I was talking to a founder about engineering velocity recently, and was excited to dig into all the tactical things, until I remembered that no matter how much you tweak processes and incentives, you can’t get peak performance unless people genuinely care and take ownership.
Now this isn’t a major revelation, but with so many leaders declaring ownership as a value and framing it on the wall, it’s surprising and a bit sad to see all the disengaged and apathetic teams out there.
So what gives?
How can we support our most impactful people to build high-quality products - efficiently, reliably, and with love?
In this post we’ll lay the foundation for high performance by:
- 🔥 understanding the fire that drives high agency people,
- ⛽ learning how trust fuels that fire, 🥶 and how bad managers pour ice water on it
- ⚙️ embracing the pillars of ownership that empower and create a positive feedback loop of:
- fulfilled people, building better products, for happier customers; creating wins, boosting confidence and increasing trust 🔄
Exec TLDR: High performance starts with a leadership team that can 1) build mutual trust and 2) create an environment where high agency people can thrive. To debug team performance, start by examining the operating system the leadership team has put in place.

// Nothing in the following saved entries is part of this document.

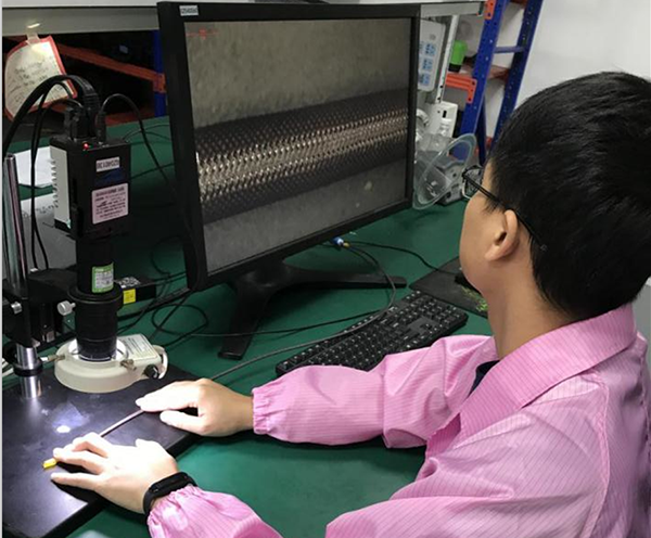 質量部檢驗員細致地檢驗鎢絲網套來料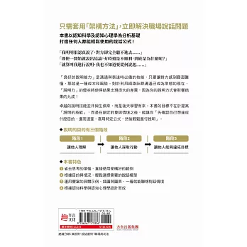 ◎目標不在於提高「說明的技能」,而是在鎖定對象與情境之後,能讓你「先確認自己想達成什麼目的,進而速查、套用特定公式,然後輕鬆進行說明」。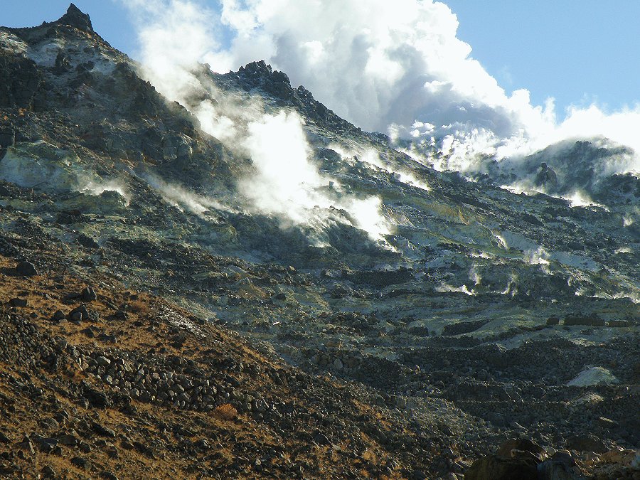 三俣山への登山道からの展望 蒸気や硫黄、亜硫酸ガス等が噴気しており危険で荒々しい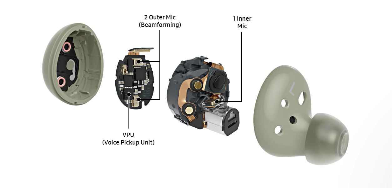 Užijte si silné, hluboké basy a čisté výšky díky dvoucestným dynamickým reproduktorům. Galaxy Buds2 vám přinášejí vyváženou zvukovou kvalitu, která obohatí každý moment vašeho poslechu. Jako byste byli součástí samotného zvuku.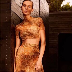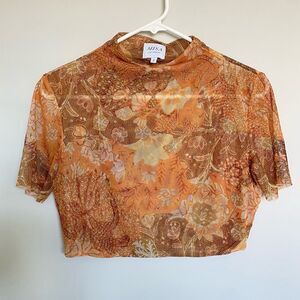 Misa Los Angeles Rumer Crop Top in Golden Batik Floral Mesh Size Small NWOT
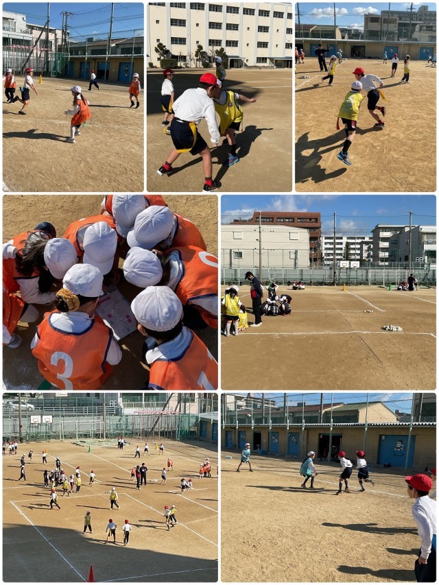 1,2組は体育。ボール運びおにごっこの熱い戦い(=試合)が繰り広げられていました...

🔥 What makes high ownership people tick?
We all know what ownership looks like when we see it.
- Ownership is caring about the outcome, not just the task
- Ownership is the eng manager of the growth team personally visiting a truck-stop and talking to drivers
- Ownership is finding the courage to voice the unpopular opinion
☝️ People who take ownership are satisfying deeper psychological needs. They find purpose in having clear goals, towards a mission they’re aligned with, and trusted to deliver. They thrive when they’re empowered, have autonomy, and are fairly recognized for their impact.
To harness these qualities, we need an organizational operating system built on a solid foundation - which brings us to the Pillars of Ownership.
⚙️ Pillars of Ownership
- Mutual Trust: is essential for leaders to delegate, and employees to express ideas and take risks
- Aligned Values: agreeing on an ethical framework for things to get done can improve cooperation and build trust
- Clear Rules of the Game (fair, consistent, transparent):
- Once values are aligned, consistent and transparent rules create predictability and fairness
- How decisions are made, disputes resolved, rewards shared, accountability doled out, all need to be clearly laid out.
- Alignment with the Mission: keeps everyone focused on the overarching purpose of the org and supports local decision-making
- Clear Goals: give teams autonomy, bring accountability, and enhance mutual trust by making sure everyone agrees on what constitutes a win
- Empowered Staff: empowering people to make decisions and take action on their own not only boosts engagement and satisfaction but also drives better management. When forced to delegate to their teams and take on the risk of their failure, managers have to learn to trust not only their teams, but also their own systems and guardrails to make local decisions that are globally aligned and minimize risk.
Spoiler: The most important pillar is mutual trust, and that’s where managers usually drop the ball.
🤝 Trust Fuels Ownership
- Trust fuels ownership.
- Ownership brings pride, craftsmanship, mastery, and long term thinking.
- Ownership drives resourcefulness, creativity, collaboration, and ultimately execution!
- Execution brings wins!
- Wins boost morale, branding, recruiting, runway, …
- Trust is the ultimate accelerator.
- Having a high-trust org is a tremendous competitive advantage.
🥶 How do managers undermine trust?
Unfortunately, when it comes to optimizing performance, some autocratic managers see their job solely as imposing changes and expectations on their teams, while never reflecting on their own contribution to the problems.
By holding themselves outside the scope of examination, let alone accountability, they end up creating two systems, two classes, two teams. It’s no surprise when some managers talk about ownership, they frame it as people taking ownership, rather than coming to the table motivated and somehow leaving disillusioned.
⚠️ Fostering an ownership culture starts with building mutual trust, and as a leader, you can’t build mutual trust unless you see yourself as one with your team.
🥶 How do managers undermine ownership?
Ineffective and insecure leaders find solace in micromanaging.
For a weak leader, dictating the details is a great lifeline.
It can bring a sense of security as you are seen doing things.
If projects are stuck because you haven’t built a framework that governs how decisions are made and disputes are resolved, you can parachute in, steamroll decisions, claim some immediate wins, all the while diverting attention from your own shortcomings. If your recommendations don’t work out, your proximity to the solutions can help you identify things to nitpick and shift blame.
⚠️ One way managers try to outrun these issues is by building a pipeline of new blood to replace their burned out teams - building a sputtering engine of small short term wins vs. a continuous one that builds momentum over time.
⚠️ Since short term wins can hide incompetence, execs and boards need to be extra vigilant and consider not only the numbers but at what long term cost they’re being obtained.
🌱Overall, to drive performance, before debugging org processes, workflows, carrots and sticks, it’s important to make sure that the management team has built a solid org operating system that empowers people and pushes decision making down as much as possible.